> _PROBLEM DETAILS_: Repeat every line of the data exactly, but not the pictures.

> _AVAILABLE DATA_:
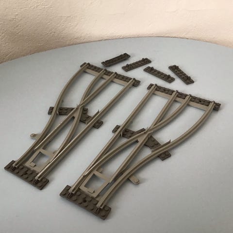 1 venstre + 1 højre skiftespor + 4 buede skinner.
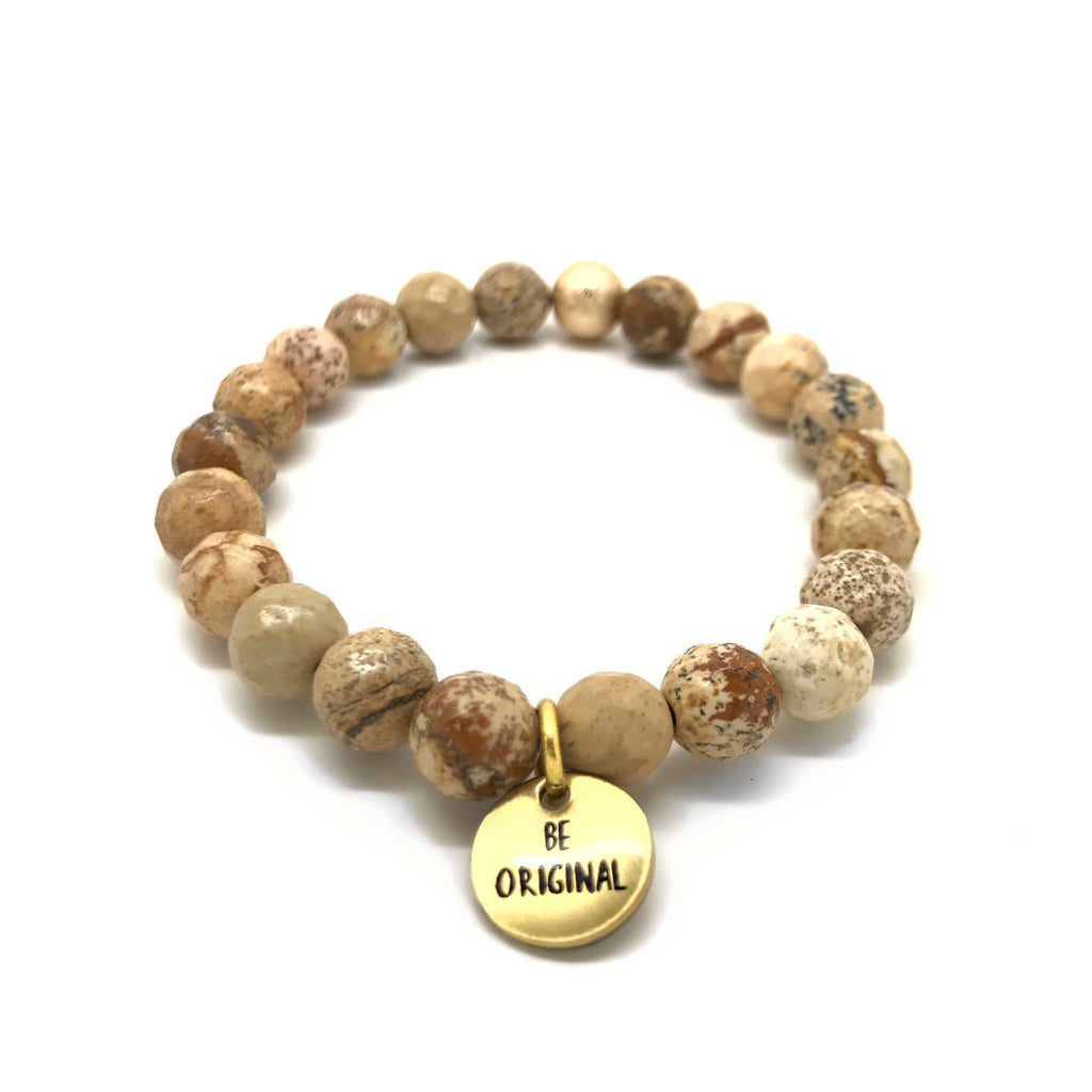 This single comes with our custom two-sided "BE ORIGINAL" charm. Made with jasper.
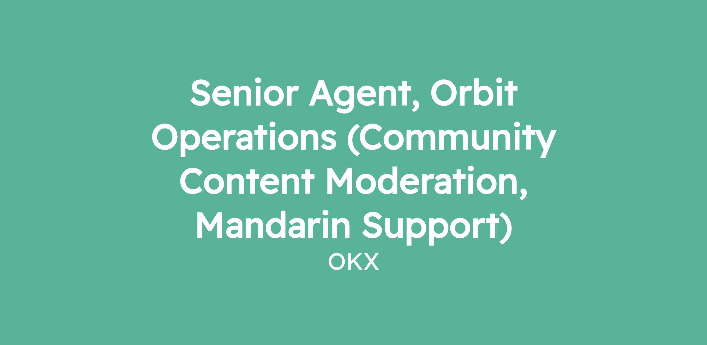 Senior Agent, Orbit Operations (Community Content Moderation, Mandarin Support)

> _REPLY_:
 1 venstre + 1 højre skiftespor + 4 buede skinner.
 This single comes with our custom two-sided "BE ORIGINAL" charm. Made with jasper.
 Senior Agent, Orbit Operations (Community Content Moderation, Mandarin Support)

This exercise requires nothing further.